Task to carry out: Return each entry exactly, omitting nothing.

Entries shown:
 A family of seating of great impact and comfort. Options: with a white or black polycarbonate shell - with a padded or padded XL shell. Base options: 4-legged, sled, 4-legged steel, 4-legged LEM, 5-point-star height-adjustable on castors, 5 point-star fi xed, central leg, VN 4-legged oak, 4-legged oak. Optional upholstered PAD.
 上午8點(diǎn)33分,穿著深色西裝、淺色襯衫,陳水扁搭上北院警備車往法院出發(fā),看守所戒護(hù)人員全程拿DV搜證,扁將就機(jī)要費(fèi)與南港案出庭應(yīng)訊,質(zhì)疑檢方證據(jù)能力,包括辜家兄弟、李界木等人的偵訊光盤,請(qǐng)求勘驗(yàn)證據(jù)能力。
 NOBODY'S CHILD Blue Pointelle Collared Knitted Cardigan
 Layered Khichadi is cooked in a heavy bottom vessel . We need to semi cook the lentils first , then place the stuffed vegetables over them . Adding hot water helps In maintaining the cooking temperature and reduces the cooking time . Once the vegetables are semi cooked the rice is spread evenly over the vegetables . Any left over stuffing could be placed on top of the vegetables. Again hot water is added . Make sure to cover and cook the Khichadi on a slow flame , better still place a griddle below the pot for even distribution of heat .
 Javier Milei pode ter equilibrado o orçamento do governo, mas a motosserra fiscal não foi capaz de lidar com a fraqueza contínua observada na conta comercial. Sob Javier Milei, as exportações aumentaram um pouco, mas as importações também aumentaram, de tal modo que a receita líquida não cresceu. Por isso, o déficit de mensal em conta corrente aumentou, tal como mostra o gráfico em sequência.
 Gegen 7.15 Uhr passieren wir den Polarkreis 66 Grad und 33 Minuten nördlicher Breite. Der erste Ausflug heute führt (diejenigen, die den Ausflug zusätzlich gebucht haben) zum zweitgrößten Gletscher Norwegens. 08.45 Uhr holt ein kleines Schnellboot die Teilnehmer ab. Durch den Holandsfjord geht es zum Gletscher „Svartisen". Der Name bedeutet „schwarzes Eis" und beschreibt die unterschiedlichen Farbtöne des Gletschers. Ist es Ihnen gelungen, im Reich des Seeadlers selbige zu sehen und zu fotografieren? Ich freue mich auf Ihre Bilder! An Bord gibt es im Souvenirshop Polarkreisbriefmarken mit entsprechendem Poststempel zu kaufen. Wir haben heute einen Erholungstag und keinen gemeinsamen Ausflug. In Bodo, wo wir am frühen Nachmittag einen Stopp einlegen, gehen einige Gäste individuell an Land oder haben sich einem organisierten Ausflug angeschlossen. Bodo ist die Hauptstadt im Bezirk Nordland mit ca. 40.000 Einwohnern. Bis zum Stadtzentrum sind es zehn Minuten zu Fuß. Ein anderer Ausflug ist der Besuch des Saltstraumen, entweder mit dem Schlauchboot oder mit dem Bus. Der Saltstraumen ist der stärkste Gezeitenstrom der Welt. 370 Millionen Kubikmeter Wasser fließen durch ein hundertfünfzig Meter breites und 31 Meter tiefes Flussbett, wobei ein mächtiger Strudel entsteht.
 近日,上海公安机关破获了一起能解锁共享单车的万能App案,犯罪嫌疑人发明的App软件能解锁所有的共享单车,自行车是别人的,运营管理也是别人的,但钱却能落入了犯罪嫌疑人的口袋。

Answer for this exercise:
 A family of seating of great impact and comfort. Options: with a white or black polycarbonate shell - with a padded or padded XL shell. Base options: 4-legged, sled, 4-legged steel, 4-legged LEM, 5-point-star height-adjustable on castors, 5 point-star fi xed, central leg, VN 4-legged oak, 4-legged oak. Optional upholstered PAD.
 上午8點(diǎn)33分,穿著深色西裝、淺色襯衫,陳水扁搭上北院警備車往法院出發(fā),看守所戒護(hù)人員全程拿DV搜證,扁將就機(jī)要費(fèi)與南港案出庭應(yīng)訊,質(zhì)疑檢方證據(jù)能力,包括辜家兄弟、李界木等人的偵訊光盤,請(qǐng)求勘驗(yàn)證據(jù)能力。
 NOBODY'S CHILD Blue Pointelle Collared Knitted Cardigan
 Layered Khichadi is cooked in a heavy bottom vessel . We need to semi cook the lentils first , then place the stuffed vegetables over them . Adding hot water helps In maintaining the cooking temperature and reduces the cooking time . Once the vegetables are semi cooked the rice is spread evenly over the vegetables . Any left over stuffing could be placed on top of the vegetables. Again hot water is added . Make sure to cover and cook the Khichadi on a slow flame , better still place a griddle below the pot for even distribution of heat .
 Javier Milei pode ter equilibrado o orçamento do governo, mas a motosserra fiscal não foi capaz de lidar com a fraqueza contínua observada na conta comercial. Sob Javier Milei, as exportações aumentaram um pouco, mas as importações também aumentaram, de tal modo que a receita líquida não cresceu. Por isso, o déficit de mensal em conta corrente aumentou, tal como mostra o gráfico em sequência.
 Gegen 7.15 Uhr passieren wir den Polarkreis 66 Grad und 33 Minuten nördlicher Breite. Der erste Ausflug heute führt (diejenigen, die den Ausflug zusätzlich gebucht haben) zum zweitgrößten Gletscher Norwegens. 08.45 Uhr holt ein kleines Schnellboot die Teilnehmer ab. Durch den Holandsfjord geht es zum Gletscher „Svartisen". Der Name bedeutet „schwarzes Eis" und beschreibt die unterschiedlichen Farbtöne des Gletschers. Ist es Ihnen gelungen, im Reich des Seeadlers selbige zu sehen und zu fotografieren? Ich freue mich auf Ihre Bilder! An Bord gibt es im Souvenirshop Polarkreisbriefmarken mit entsprechendem Poststempel zu kaufen. Wir haben heute einen Erholungstag und keinen gemeinsamen Ausflug. In Bodo, wo wir am frühen Nachmittag einen Stopp einlegen, gehen einige Gäste individuell an Land oder haben sich einem organisierten Ausflug angeschlossen. Bodo ist die Hauptstadt im Bezirk Nordland mit ca. 40.000 Einwohnern. Bis zum Stadtzentrum sind es zehn Minuten zu Fuß. Ein anderer Ausflug ist der Besuch des Saltstraumen, entweder mit dem Schlauchboot oder mit dem Bus. Der Saltstraumen ist der stärkste Gezeitenstrom der Welt. 370 Millionen Kubikmeter Wasser fließen durch ein hundertfünfzig Meter breites und 31 Meter tiefes Flussbett, wobei ein mächtiger Strudel entsteht.
 近日,上海公安机关破获了一起能解锁共享单车的万能App案,犯罪嫌疑人发明的App软件能解锁所有的共享单车,自行车是别人的,运营管理也是别人的,但钱却能落入了犯罪嫌疑人的口袋。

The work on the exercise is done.